**** Available data ****
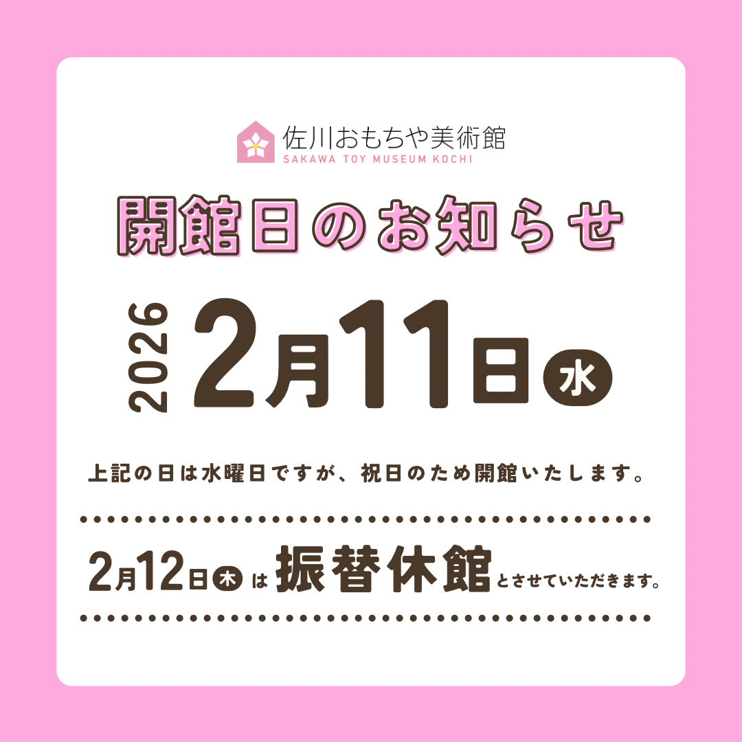 道の駅併設の「佐川おもちゃ美術館」について、2026年2月11日(水)は水曜日(通常休館日)ですが、祝日のため開館いたします。
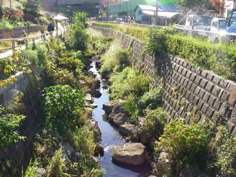 しばらく歩くと右手に法安寺がある。檀家以外は立ち入り禁止。複雑な笠間交差点をすぎると鼬(い たち)川にかかる新橋(にいばし)に至る。この橋の袂でおにぎりとアンパンの昼食とする。
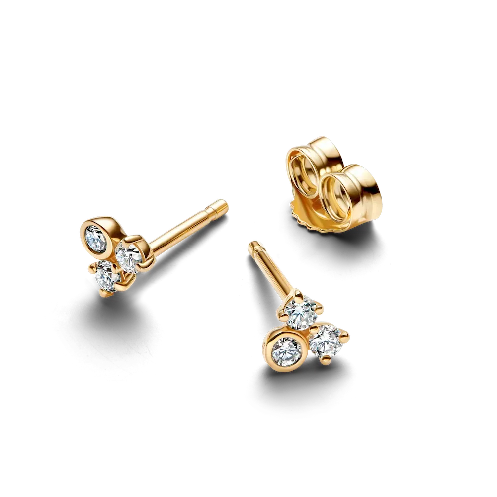 Crafted from 14k gold, these earrings feature a cluster of three lab-grown diamonds with a combined total carat weight of 0.19ct. Two diamonds are prong-set while one is bezel-set, creating a harmonious interplay of settings. Add a touch of radiance to your everyday jewelry with a classic yet contemporary diamond stud.
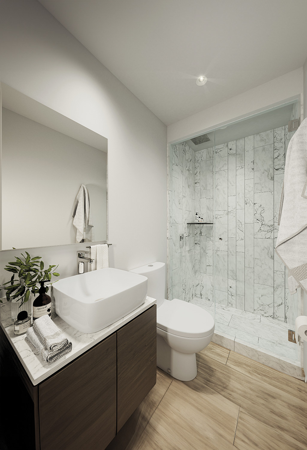En los baños, la distinción se eleva al máximo. Los pisos y muros revestidos en mármol evocan un aire de lujo atemporal, proyectando una estética que combina pureza y fuerza material.
****
- [Assigned task]:
Word for word, repeat the lines of data above, omitting every picture.

- [Answer space]:
 道の駅併設の「佐川おもちゃ美術館」について、2026年2月11日(水)は水曜日(通常休館日)ですが、祝日のため開館いたします。
 しばらく歩くと右手に法安寺がある。檀家以外は立ち入り禁止。複雑な笠間交差点をすぎると鼬(い たち)川にかかる新橋(にいばし)に至る。この橋の袂でおにぎりとアンパンの昼食とする。
 Crafted from 14k gold, these earrings feature a cluster of three lab-grown diamonds with a combined total carat weight of 0.19ct. Two diamonds are prong-set while one is bezel-set, creating a harmonious interplay of settings. Add a touch of radiance to your everyday jewelry with a classic yet contemporary diamond stud.
En los baños, la distinción se eleva al máximo. Los pisos y muros revestidos en mármol evocan un aire de lujo atemporal, proyectando una estética que combina pureza y fuerza material.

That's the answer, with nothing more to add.